Snyder et al. highlight this challenge by focusing on the information needs of decision makers, noting that input from health economists is required at multiple stages of the translation process, including evaluations of the potential impact of hypothetical new technologies, pre-implementation economic evaluations, and also post-implementation assessments. Again, I think this is a point worth making more frequently. We like to provide definitive answers as health economists, but I think we need to acknowledge that this is going to be very difficult in genomics. We need to work in a much more iterative manner, for example, adapting models as new evidence comes to light. I think the health economic publishing model in genomics also needs to change: rather than focusing on a final definitive economic evaluation paper, publication strategies should be more geared towards multiple publications at different stages of the translational cycle. As Snyder et al. note:

“It is important to recognise that clinical decision making in the presence of insufficient evidence for genotype-guided approaches that may improve outcomes will occur despite controversy about the level of evidence required to justify routine use”

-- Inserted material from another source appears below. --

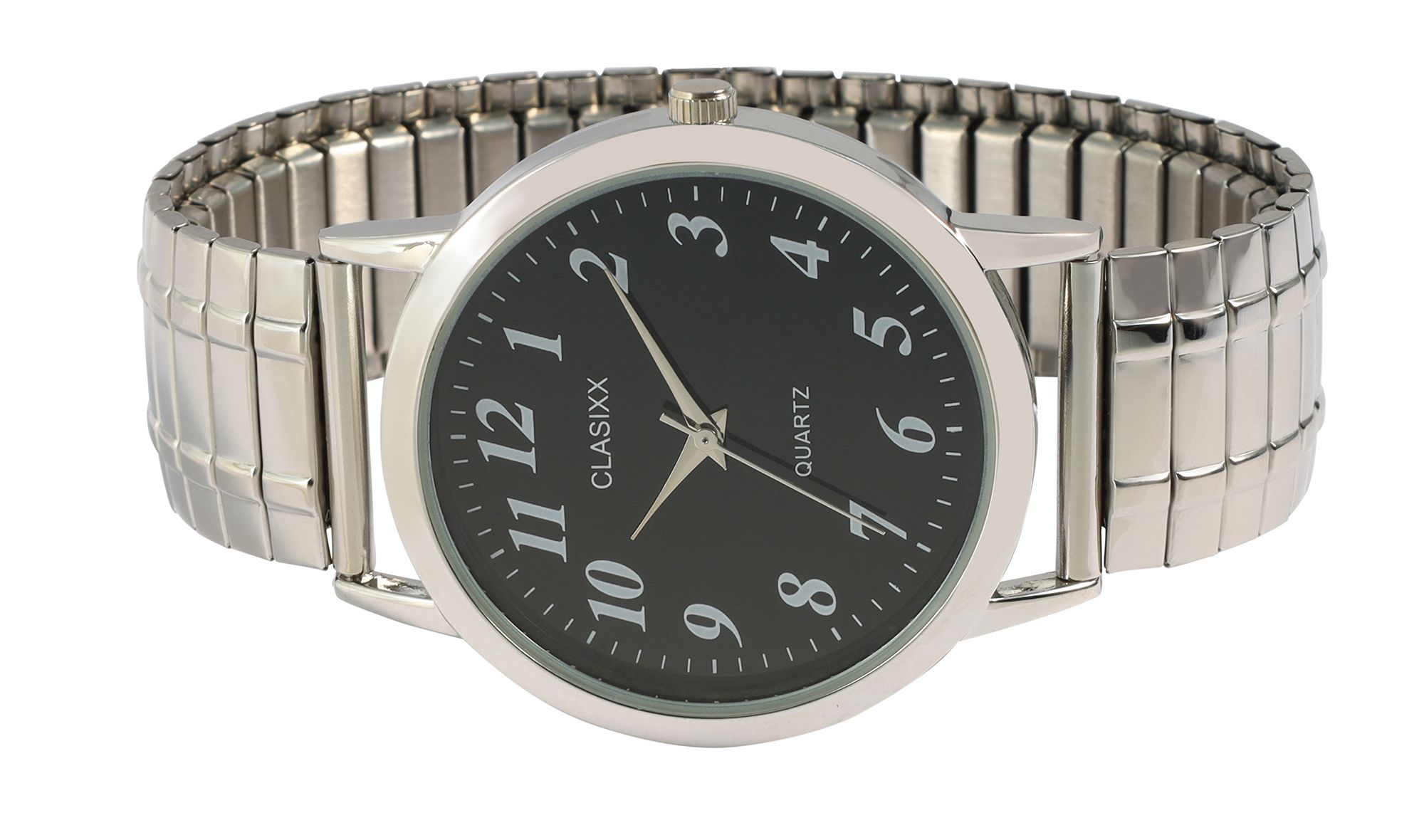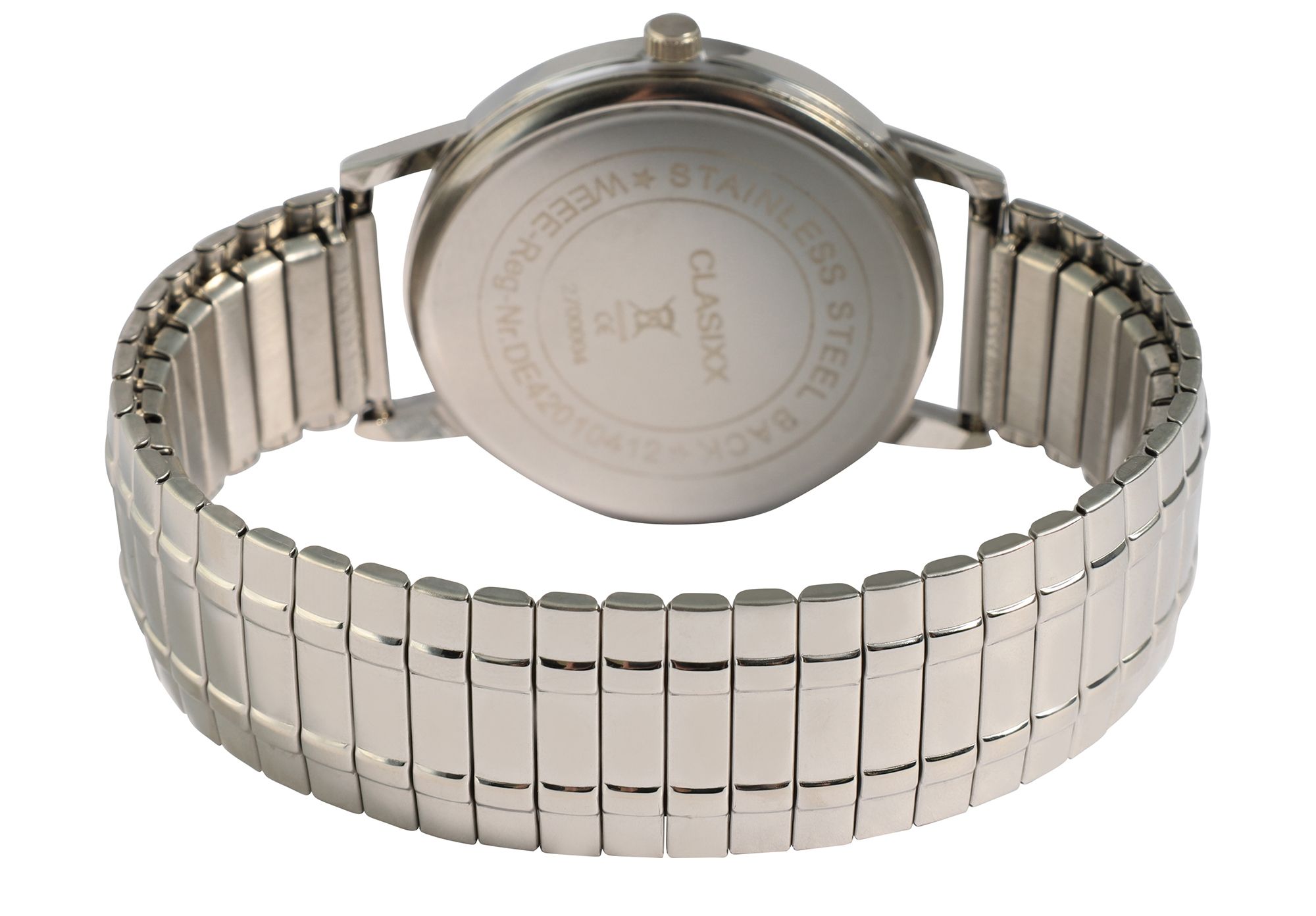 Productinformatie "Clasixx Herrenuhr mit Edelstahlzugarmband, silberfarben/schwarz"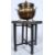 An unusual shaped brass coal purdonium together with a brass and oak folding merchants table

My final point relates to the last section of the paper, where the focus turns to developing countries. To the best of my knowledge, very little has been written about the health economics of introducing genomic testing in developing countries, so it was heartening to see it discussed here. The authors highlight the need to localise the generation of health economic evidence, on the basis that frequencies of genetic biomarkers vary considerably from one country to the next. Several neat examples are provided, including one which describes the cost-effectiveness of pharmacogenomics-guided warfarin treatment in Croatia. The authors primarily focus on differences in the underlying genetics of different countries, but it is also worth noting that in the absence of nationally (or internationally) agreed test prices, costs are also likely to vary significantly between countries. This is another reason to replicate health economic analyses in different settings. One caveat worth noting is that the ‘developing’ countries considered include Croatia, Serbia and Malta – the UN may classify these countries slightly differently! However, the general point being made is solid, and is transferable to other, less developed, country settings.

Ok, I’ll end there. Snyder et al. make some interesting points about how we make decisions in genomics, both now and going forward. Their paper is worth a read: I’d encourage you to take a look.